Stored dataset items
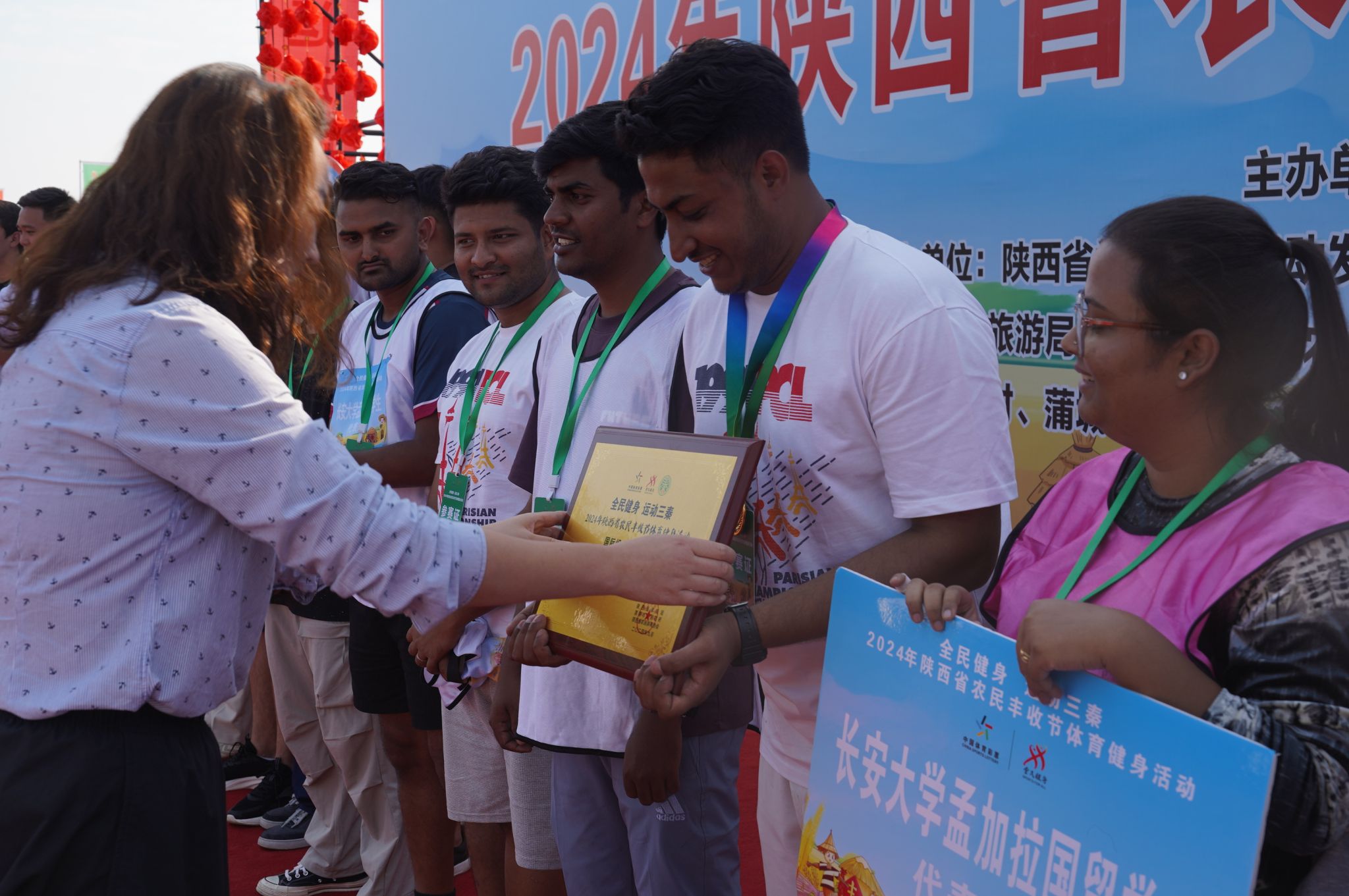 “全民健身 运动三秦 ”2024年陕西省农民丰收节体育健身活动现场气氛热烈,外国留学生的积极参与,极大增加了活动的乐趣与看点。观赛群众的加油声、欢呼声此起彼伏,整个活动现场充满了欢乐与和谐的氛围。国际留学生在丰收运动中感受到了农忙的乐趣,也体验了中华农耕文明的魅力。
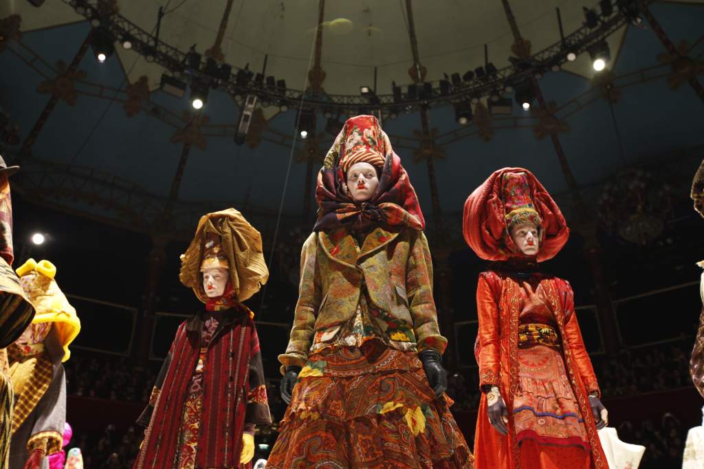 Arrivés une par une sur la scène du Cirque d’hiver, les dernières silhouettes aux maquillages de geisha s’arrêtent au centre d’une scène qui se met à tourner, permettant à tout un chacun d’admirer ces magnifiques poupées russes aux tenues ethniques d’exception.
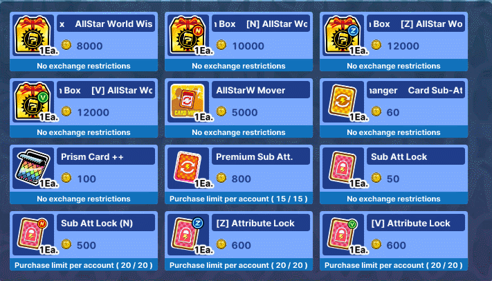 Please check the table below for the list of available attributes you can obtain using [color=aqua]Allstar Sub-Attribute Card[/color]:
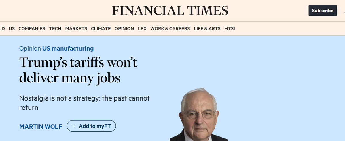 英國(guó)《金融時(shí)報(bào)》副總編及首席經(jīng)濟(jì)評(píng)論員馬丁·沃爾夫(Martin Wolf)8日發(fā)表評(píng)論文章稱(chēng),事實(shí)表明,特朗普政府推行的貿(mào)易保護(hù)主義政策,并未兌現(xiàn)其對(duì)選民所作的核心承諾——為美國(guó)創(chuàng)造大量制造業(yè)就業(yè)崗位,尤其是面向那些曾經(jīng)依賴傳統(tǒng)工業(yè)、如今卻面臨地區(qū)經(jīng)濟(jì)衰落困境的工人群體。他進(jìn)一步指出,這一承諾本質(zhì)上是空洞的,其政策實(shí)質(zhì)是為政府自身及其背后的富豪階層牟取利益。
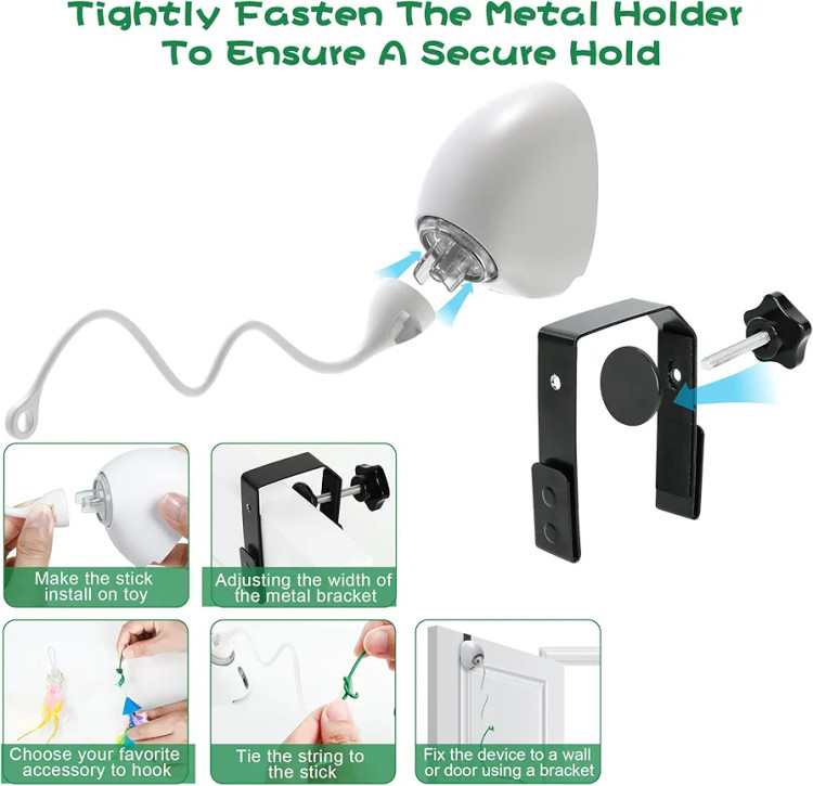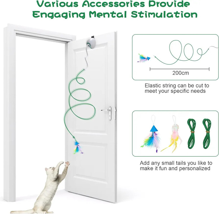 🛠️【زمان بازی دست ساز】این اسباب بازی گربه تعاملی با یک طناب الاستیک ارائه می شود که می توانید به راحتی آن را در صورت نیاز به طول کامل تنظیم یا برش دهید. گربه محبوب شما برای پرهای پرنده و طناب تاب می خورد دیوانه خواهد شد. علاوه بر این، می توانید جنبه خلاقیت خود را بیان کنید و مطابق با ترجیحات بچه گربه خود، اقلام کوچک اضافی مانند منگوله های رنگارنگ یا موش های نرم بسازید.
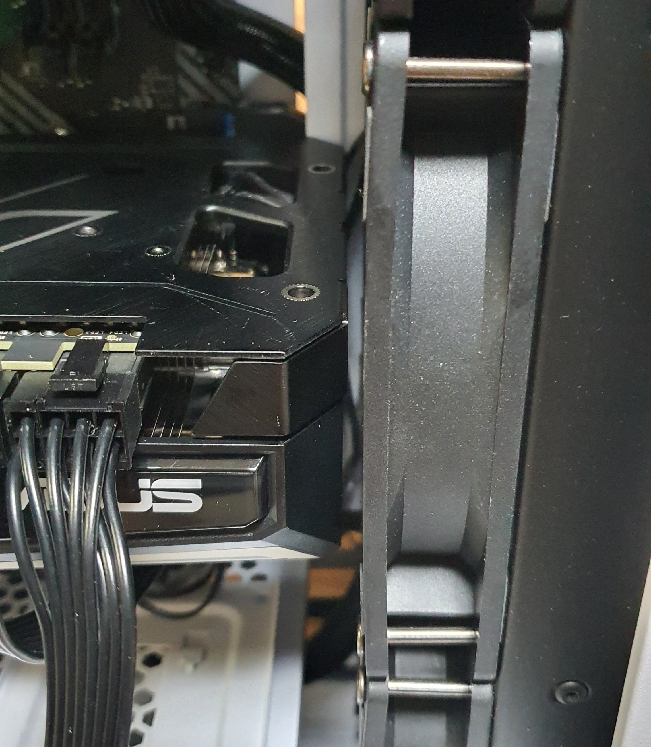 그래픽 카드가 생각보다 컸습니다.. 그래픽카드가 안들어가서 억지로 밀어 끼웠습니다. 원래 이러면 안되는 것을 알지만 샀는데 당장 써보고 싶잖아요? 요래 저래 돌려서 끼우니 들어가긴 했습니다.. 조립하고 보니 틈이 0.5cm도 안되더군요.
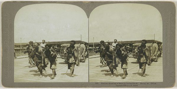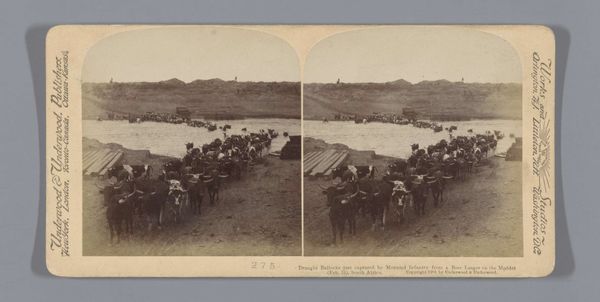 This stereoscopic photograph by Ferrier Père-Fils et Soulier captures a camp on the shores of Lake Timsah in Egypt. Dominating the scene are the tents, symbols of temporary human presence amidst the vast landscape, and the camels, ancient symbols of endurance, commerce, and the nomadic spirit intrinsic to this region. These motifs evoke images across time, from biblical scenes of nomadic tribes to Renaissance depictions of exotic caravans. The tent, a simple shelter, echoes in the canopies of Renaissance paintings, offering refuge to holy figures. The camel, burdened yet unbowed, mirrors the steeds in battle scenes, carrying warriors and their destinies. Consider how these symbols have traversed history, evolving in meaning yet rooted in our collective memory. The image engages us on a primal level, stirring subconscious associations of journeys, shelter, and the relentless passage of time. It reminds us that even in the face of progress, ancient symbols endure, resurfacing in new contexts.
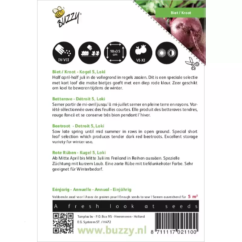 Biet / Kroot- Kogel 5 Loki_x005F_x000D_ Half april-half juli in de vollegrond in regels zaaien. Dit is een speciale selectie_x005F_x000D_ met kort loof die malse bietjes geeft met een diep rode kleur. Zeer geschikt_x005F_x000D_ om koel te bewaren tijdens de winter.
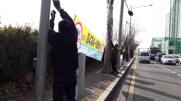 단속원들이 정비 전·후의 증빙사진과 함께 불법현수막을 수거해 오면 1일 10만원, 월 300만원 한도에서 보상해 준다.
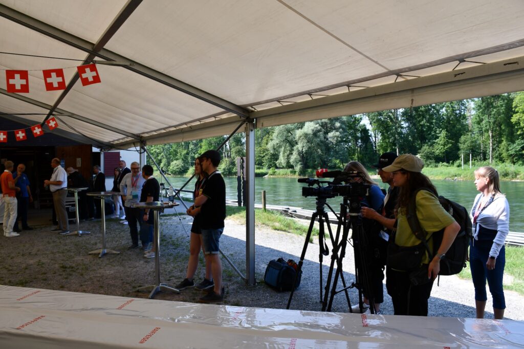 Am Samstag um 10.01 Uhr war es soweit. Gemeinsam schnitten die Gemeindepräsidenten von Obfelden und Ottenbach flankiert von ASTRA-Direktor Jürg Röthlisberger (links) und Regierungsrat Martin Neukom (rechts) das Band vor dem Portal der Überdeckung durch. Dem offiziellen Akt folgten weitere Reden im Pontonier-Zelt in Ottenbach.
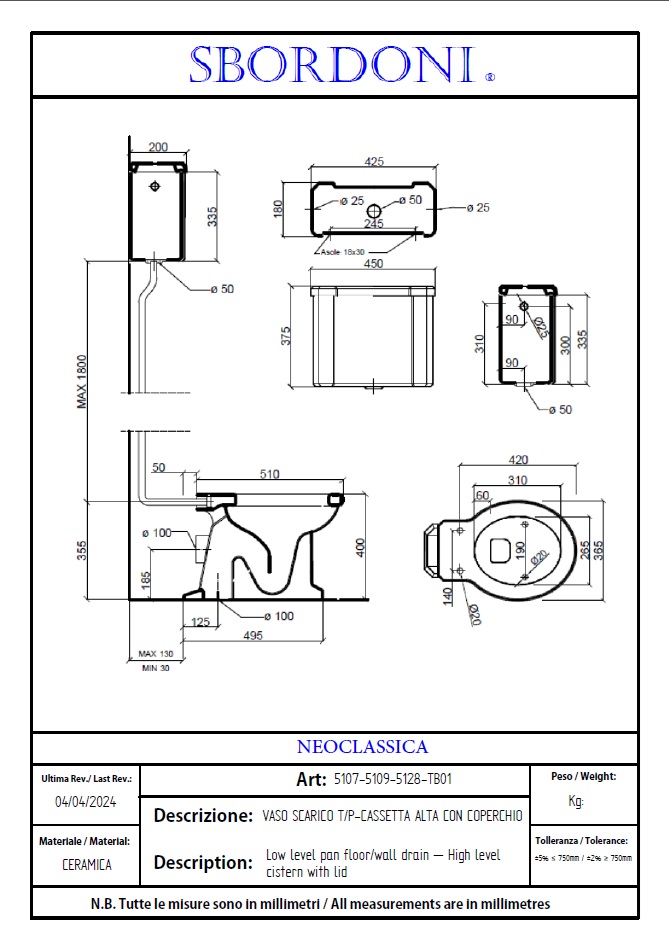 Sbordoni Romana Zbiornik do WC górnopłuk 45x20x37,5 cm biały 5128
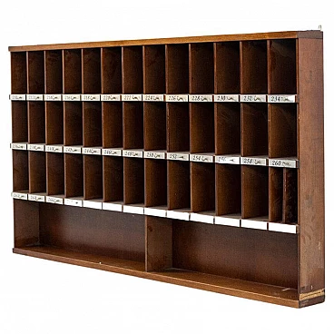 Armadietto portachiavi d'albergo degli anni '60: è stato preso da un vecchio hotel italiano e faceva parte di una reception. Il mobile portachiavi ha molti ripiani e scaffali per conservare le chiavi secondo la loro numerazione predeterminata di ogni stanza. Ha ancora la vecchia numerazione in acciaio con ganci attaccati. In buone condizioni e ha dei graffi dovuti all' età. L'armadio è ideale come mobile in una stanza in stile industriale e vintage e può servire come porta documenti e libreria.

__Your objective__.
Please repeat exactly the data above from its first line to the line that contains "英國(guó)《金融時(sh", inclusive, and leave every picture out.

__Exercise solution__.
 “全民健身 运动三秦 ”2024年陕西省农民丰收节体育健身活动现场气氛热烈,外国留学生的积极参与,极大增加了活动的乐趣与看点。观赛群众的加油声、欢呼声此起彼伏,整个活动现场充满了欢乐与和谐的氛围。国际留学生在丰收运动中感受到了农忙的乐趣,也体验了中华农耕文明的魅力。
 Arrivés une par une sur la scène du Cirque d’hiver, les dernières silhouettes aux maquillages de geisha s’arrêtent au centre d’une scène qui se met à tourner, permettant à tout un chacun d’admirer ces magnifiques poupées russes aux tenues ethniques d’exception.
 Please check the table below for the list of available attributes you can obtain using [color=aqua]Allstar Sub-Attribute Card[/color]:
 英國(guó)《金融時(shí)報(bào)》副總編及首席經(jīng)濟(jì)評(píng)論員馬丁·沃爾夫(Martin Wolf)8日發(fā)表評(píng)論文章稱(chēng),事實(shí)表明,特朗普政府推行的貿(mào)易保護(hù)主義政策,并未兌現(xiàn)其對(duì)選民所作的核心承諾——為美國(guó)創(chuàng)造大量制造業(yè)就業(yè)崗位,尤其是面向那些曾經(jīng)依賴傳統(tǒng)工業(yè)、如今卻面臨地區(qū)經(jīng)濟(jì)衰落困境的工人群體。他進(jìn)一步指出,這一承諾本質(zhì)上是空洞的,其政策實(shí)質(zhì)是為政府自身及其背后的富豪階層牟取利益。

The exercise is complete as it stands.